Whole-mount in situ hybridization

Whole mount in situ hybridizations were carried out essentially as described (Riddle et al.,1993). Probes used were Shh(Riddle et al., 1993), Fgf8 (Vogel et al.,1996), MyoD, Pax3(Pourquie et al., 1996), Hoxb8, Hoxb9, Hoxc5, Hoxd12 (Burke et al., 1995), Wnt26(Kawakami et al., 2001), Tbx5, Tbx2, Tbx3 (Logan et al.,1998), dHand (also known as Hand2)(Fernandez-Teran et al.,2000), Gli3(Schweitzer et al., 2000) and Bmp2 (Schlange et al.,2002). The Tbx15 probe was produced from a cDNA isolated from a limb cDNA library (M.P.O.L., unpublished).

Whole-mount immunohistochemistry

Whole-mount immunohistochemistry was performed as previously described(Kardon, 1998). Axons were stained using the 3A10 monoclonal antibody (hybridoma supernatant diluted 1/100 from DSHB, Iowa, USA) and detected with a peroxidase-conjugated anti-mouse secondary (Jackson ImmunoResearch) diluted 1/250.

Cell lines, transfections and luciferase assays

Luciferase assays were performed using COS1 cells. Transfections were performed using Superfect transfection reagent (Qiagen) following the manufacturer's protocol. For expression studies, full-length, Engrailed and VP16 fusion forms were cloned into pcDNA3.1(–) (Invitrogen). The reporter pGL3-promoter vector (Promega) containing a single Brachyurybinding site (Kispert et al.,1995) together with a basal SV40 promoter upstream of the Firefly Luciferase gene. Luciferase assays were carried out using the appropriate Reporter Assay System (Promega) according to the manufacturer's protocol. Normalization of the results was carried out usingβ-Galactosidase Reporter Assay (Promega) according to the manufacturer's protocol. As an internal control the reporter plasmid was co-transfected with the β-galactosidase reporter only. All experiments were performed in triplicate. Error bars represent the standard deviation over three experiments.

DiI injection

DiI crystals (Sigma) were diluted in 100% ethanol (5 mg/ml). A 10% working solution was prepared in 30% sucrose/PBS solution. Misexpression of retrovirus was performed at HH stage 8-10. Twenty-four hours after retrovirus infection(stage 14) DiI solution was injected into the embryos at several levels in the limb-forming region of the LPM and in the adjacent somites, to serve as axial reference. Equivalent DiI injections were performed in the injected and control side of the embryo.

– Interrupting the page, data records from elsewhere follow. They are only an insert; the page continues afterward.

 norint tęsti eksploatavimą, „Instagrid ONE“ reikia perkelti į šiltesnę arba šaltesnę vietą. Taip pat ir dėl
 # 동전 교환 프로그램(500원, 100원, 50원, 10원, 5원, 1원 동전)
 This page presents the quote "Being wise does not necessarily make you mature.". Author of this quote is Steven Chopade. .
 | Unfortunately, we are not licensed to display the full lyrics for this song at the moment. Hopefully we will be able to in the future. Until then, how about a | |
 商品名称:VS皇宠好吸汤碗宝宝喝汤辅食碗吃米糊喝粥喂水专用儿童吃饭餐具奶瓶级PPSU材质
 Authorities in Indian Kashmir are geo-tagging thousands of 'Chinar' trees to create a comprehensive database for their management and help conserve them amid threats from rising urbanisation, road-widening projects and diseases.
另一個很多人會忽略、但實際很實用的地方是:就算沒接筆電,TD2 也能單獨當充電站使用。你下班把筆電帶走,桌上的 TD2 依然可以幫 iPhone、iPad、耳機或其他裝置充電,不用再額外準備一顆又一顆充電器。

Analysis of Tbx3 expression in the developing chick embryo

To analyse the expression pattern of Tbx3 at stages prior to limb outgrowth, we performed whole-mount in situ hybridization between stages 12-16. Tbx3 expression is observed in the future forelimb and hindlimb domains at stages 12-13 (Fig. 1A), earlier than previously reported(Tumpel et al., 2002). Just prior to overt limb outgrowth (stage 16), Tbx3 is expressed in the presumptive forelimb and hindlimb areas(Fig. 1B) and expression appears more robust in the posterior region(Fig. 1B). In situ hybridization on sections of the forelimb region of stage 16 embryos(Fig. 1C,D) reveals that Tbx3 is present in the mesoderm of the presumptive wing region and in the lateral lip of dermomyotome. At stage 19, when a limb bud is clearly evident, expression is prominent in the posterior of the limb(Fig. 1E). At later stages(stage 25), expression is located in two stripes in the anterior and posterior limb mesenchyme (Fig. 1F).

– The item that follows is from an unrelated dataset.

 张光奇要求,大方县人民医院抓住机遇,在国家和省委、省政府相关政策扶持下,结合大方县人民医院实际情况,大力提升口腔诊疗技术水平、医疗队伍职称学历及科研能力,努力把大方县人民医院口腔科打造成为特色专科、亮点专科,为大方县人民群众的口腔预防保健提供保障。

Tbx3 is a transcriptional repressor in vitro

In vitro data suggest that human TBX3 is a transcriptional repressor (Carlson et al.,2001). We generated three constructs: full-length Tbx3 (Tbx3); a construct that contains the N-terminus and T-domain of Tbx3 fused to the VP16 transcriptional activator domain (Ohashi et al., 1994) (Tbx3VP16); and a construct with the same residues fused directly to the repressor domain of the Drosophila engrailed gene (Jaynes and O'Farrell,1991) (Tbx3EN) (Fig. 1G, see Materials and methods). The Tbx3VP16 construct is predicted to compete with endogenous Tbx3 protein for binding sites and activate target genes. The Tbx3 and Tbx3EN forms are predicted to repress target genes. Engrailed repressor activity is Groucho dependent(Jimenez et al., 1997) and Groucho homologues are present in the limb mesenchyme(Rallis et al., 2003). To test the transcriptional properties of these three Tbx3 constructs, we performed in vitro luciferase assays using a reporter plasmid containing a single T-box binding site. Both Tbx3 and Tbx3EN fusion constructs repress expression to an almost equal extent. By contrast, the Tbx3VP16fusion construct activates expression (Fig. 1H). Co-transfection of Tbx3/Tbx3VP16 generates luciferase activity at intermediate levels between those achieved with Tbx3 or Tbx3VP16 alone. Together, the data demonstrate that Tbx3 functions as a transcriptional repressor in vitro.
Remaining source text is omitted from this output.